Score: 9.572859785331307
License: http://creativecommons.org/licenses/by/4.0/
Abstract: While Large Language Models (LLMs) have recently shown impressive results in reasoning tasks, their application to pedestrian trajectory prediction remains challenging due to two key limitations: insufficient use of visual information and the difficulty of predicting entire trajectories. To address these challenges, we propose Goal-driven and User-Informed Dynamic Estimation for pedestrian trajectory using Chain-of-Thought (GUIDE-CoT). Our approach integrates two innovative modules: (1) a goal-oriented visual prompt, which enhances goal prediction accuracy combining visual prompts with a pretrained visual encoder, and (2) a chain-of-thought (CoT) LLM for trajectory generation, which generates realistic trajectories toward the predicted goal.

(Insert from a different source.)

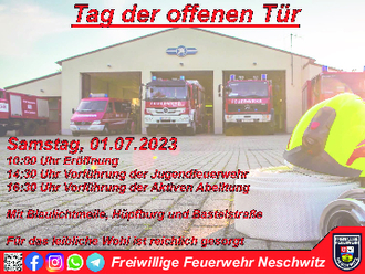 wir als Freiwillige Feuerwehr Neschwitz möchten Sie herzlich zu unserem Tag der offenen Tür am 01.07.2023 ab 10:00 Uhr an unserem Gerätehaus in der Bahnhofstraße in Neschwitz einladen.

Moreover, our method introduces controllable trajectory generation, allowing for flexible and user-guided modifications to the predicted paths. Through extensive experiments on the ETH/UCY benchmark datasets, our method achieves state-of-the-art performance, delivering both high accuracy and greater adaptability in pedestrian trajectory prediction. Our code is publicly available at https://github.com/ai-kmu/GUIDE-CoT.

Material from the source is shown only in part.